Their new, four-part proposal would build on the budget-cutting steps the White House and Congress already have enacted. The pair called for entitlement and tax reform to produce about $2.4 trillion in deficit reduction and replace the $1.2 trillion in automatic spending cuts.

Congressional Republicans said Tuesday they were steeling themselves for the cuts to kick in and preparing to blame the president and Democrats for any damage.

“Too little, too late,” said Rep. Howard P. “Buck” McKeon (R-Santa Clarita), chairman of the House Armed Services Committee, of the president’s remarks. “He knows we’re not going to increase taxes.
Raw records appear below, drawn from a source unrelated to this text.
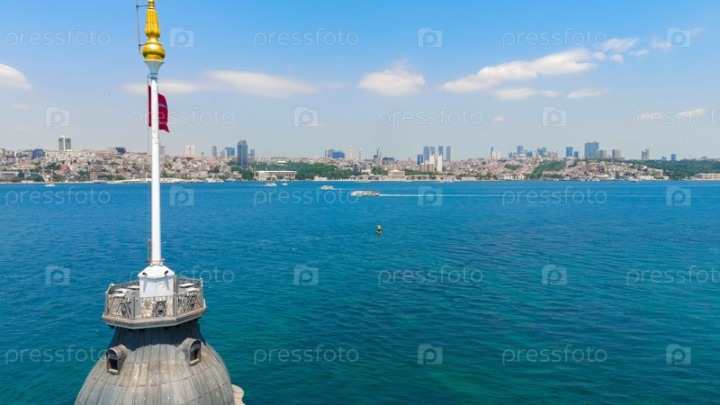 Европейский берег Босфорского пролива с пассажирскими паромами и водными такси, плавающими в ясный солнечный день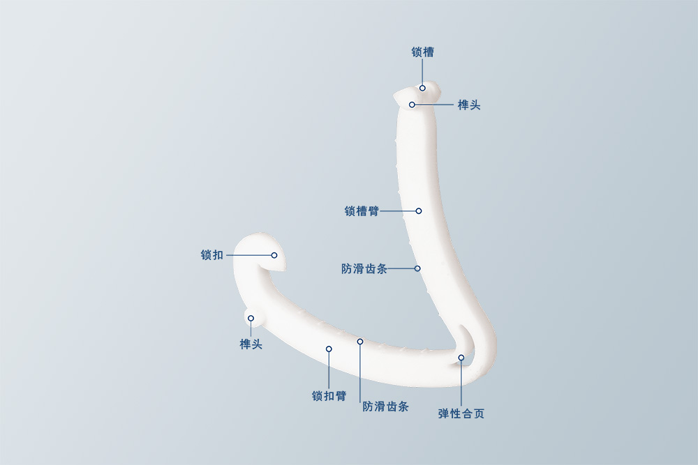 ● 弹性合页和V型锁孔锁槽设计,手感明确,快速有效结扎血管/组织
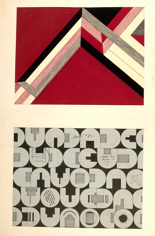 Лот из двух беспредметных композиций. 1980-е гг. Бумага, тушь, перо, гуашь, 20×26 см, 19,5×26 см.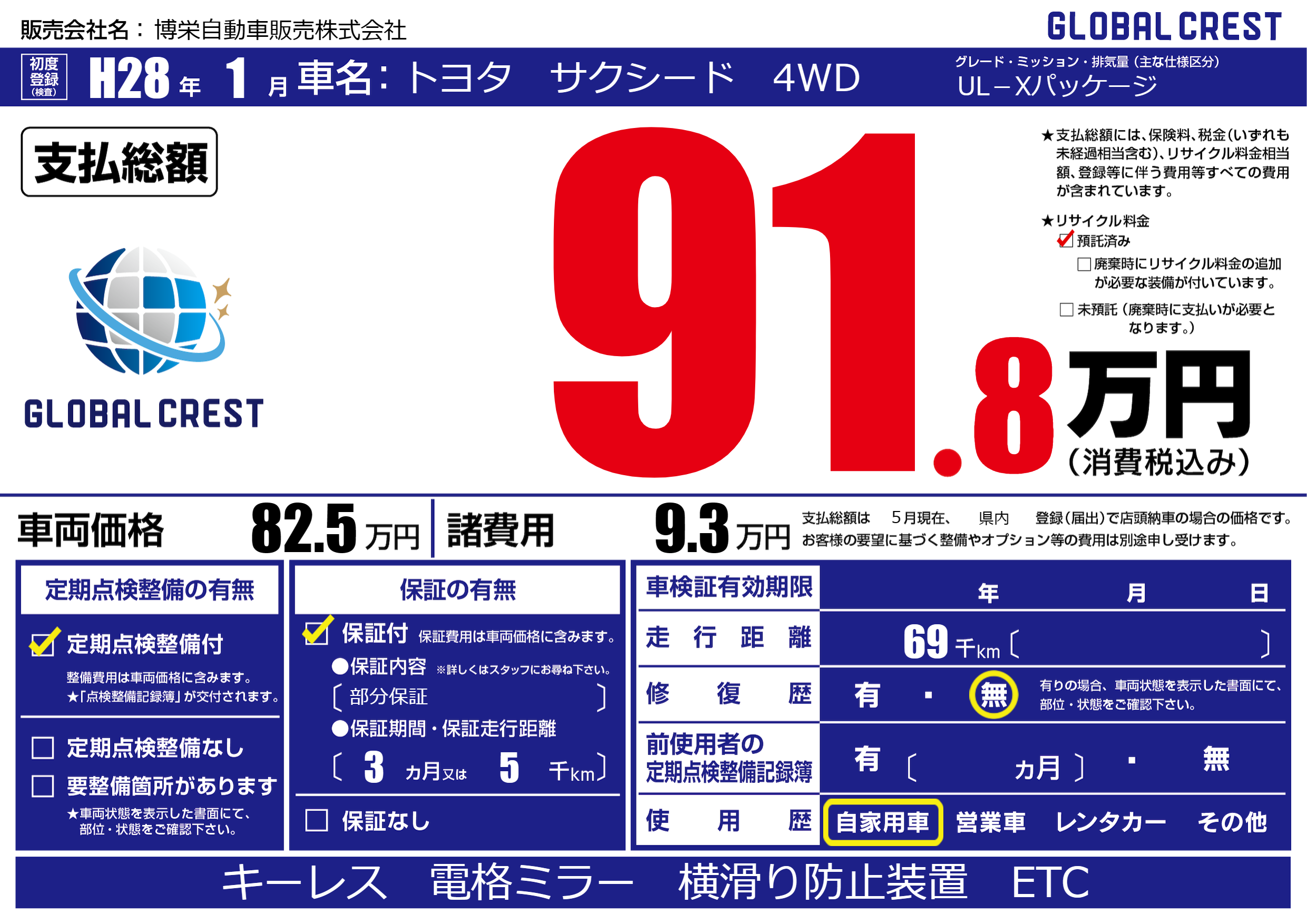 保証付き 保証内容(部分保証) 3ヶ月または(5)千kmまで |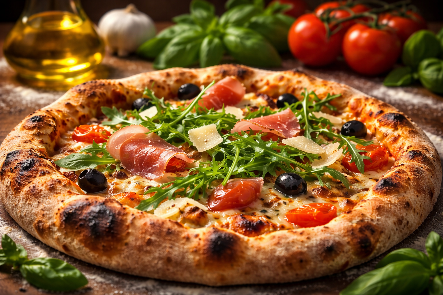Handgemachte Pizza nach sizilianischer Tradition – mit luftigem Teig, knusprigem Rand und frischen Zutaten.

So it’s all political.”

Some top administration officials now believe that the March 1 cuts are inevitable and that Republicans won’t be ready to deal until their constituents begin to suffer — and complain about — the consequences.

The president’s latest strategy is to put pressure on Republicans now in hopes of shortening the time period the cuts are in effect if not preventing them altogether.

Obama’s attempt to put a human face on the so-called sequester cuts started with the firefighters and police on Tuesday; the effort will continue as the deadline draws near. Government agencies have some tools at their disposal to mute the effects of a short-term cut, said one senior official, but can’t prevent the interruption in services and layoff notices.

The private sector will also react to the cuts with layoffs, said the official, who requested anonymity to discuss the White House calculations.

If the White House can’t avert the cuts, it at least wants to pin the blame for them on Republicans.

“There is no question that this would set back the recovery and slow down job creation,” White House Press Secretary Jay Carney said Tuesday. “If we have one fundamental goal here in Washington, it should be to work towards growing the economy and increasing job creation, not doing unnecessary, arbitrary things to halt or reverse that process.”

Jim Puzzanghera and Richard Simon in the Washington bureau contributed to this report.